The fundamental difference between Operation Hope and what went before is that it was – is – about wholes, not parts. Unlike the subject specialization of the industrial growth economy, Savory’s approach is based on the idea that things can have properties as a whole that are not explainable from the sum of the parts.

The same goes for this year’s remarkable winner, Blue Ventures.

By connecting conservation with wealth creation Blue Ventures has found a way to help fishing communities in the developing world experience a counter-intuitive reality: that saving fish doesn’t mean starvation, it means surviving and prospering.

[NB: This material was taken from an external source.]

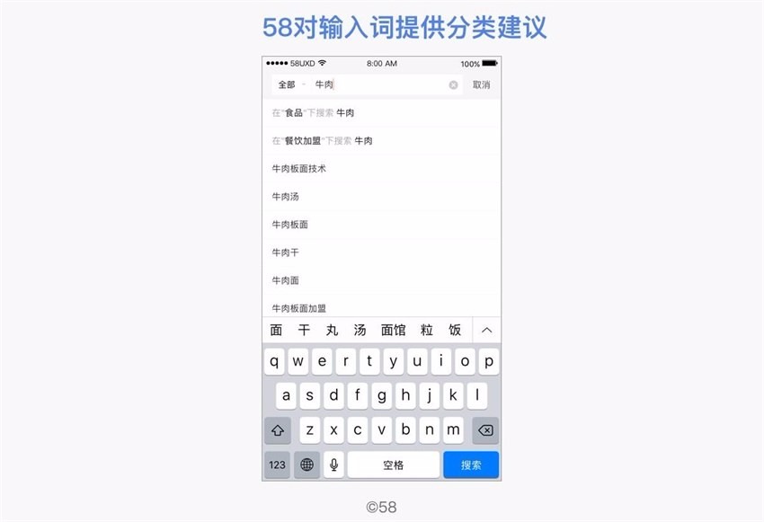 除了提供关键词,还可以对输入词进行判断,适时提供分类建议(如58、京东、亚马逊、闲鱼等,可参考前文「J.分类搜索」一节)。58作为一个综合的生活服务平台,业务类别多,搜索「牛肉」,在很多类别都有相关信息,选取「食品」和「招商加盟」这两个可能性最大的类别推荐给用户。

As Alasdair Harris, Blue Venture’s founder and research director told us, “the way we approach marine conservation is not just about setting up protected areas. It’s about alleviation of poverty, empowering women, reducing gender inequity. All those things, from sex and reproductive health to education are directly relevant to conservation. We work in a multidisciplinary, holistic way.”

At the scale of the city, or the city-region, this kind of multi-dimensional, multi-scalar, multi-temporal restorative design re-imagines the man-made world as being one element among a complex of co-dependent ecologies: energy, water, food, production, and information. It takes natural biodiversity and its starting point – with special emphasis on bioregions, foodsheds and watersheds.

It’s not about back-to-nature. It’s about enabling these different ecologies and flows and networks help each other.”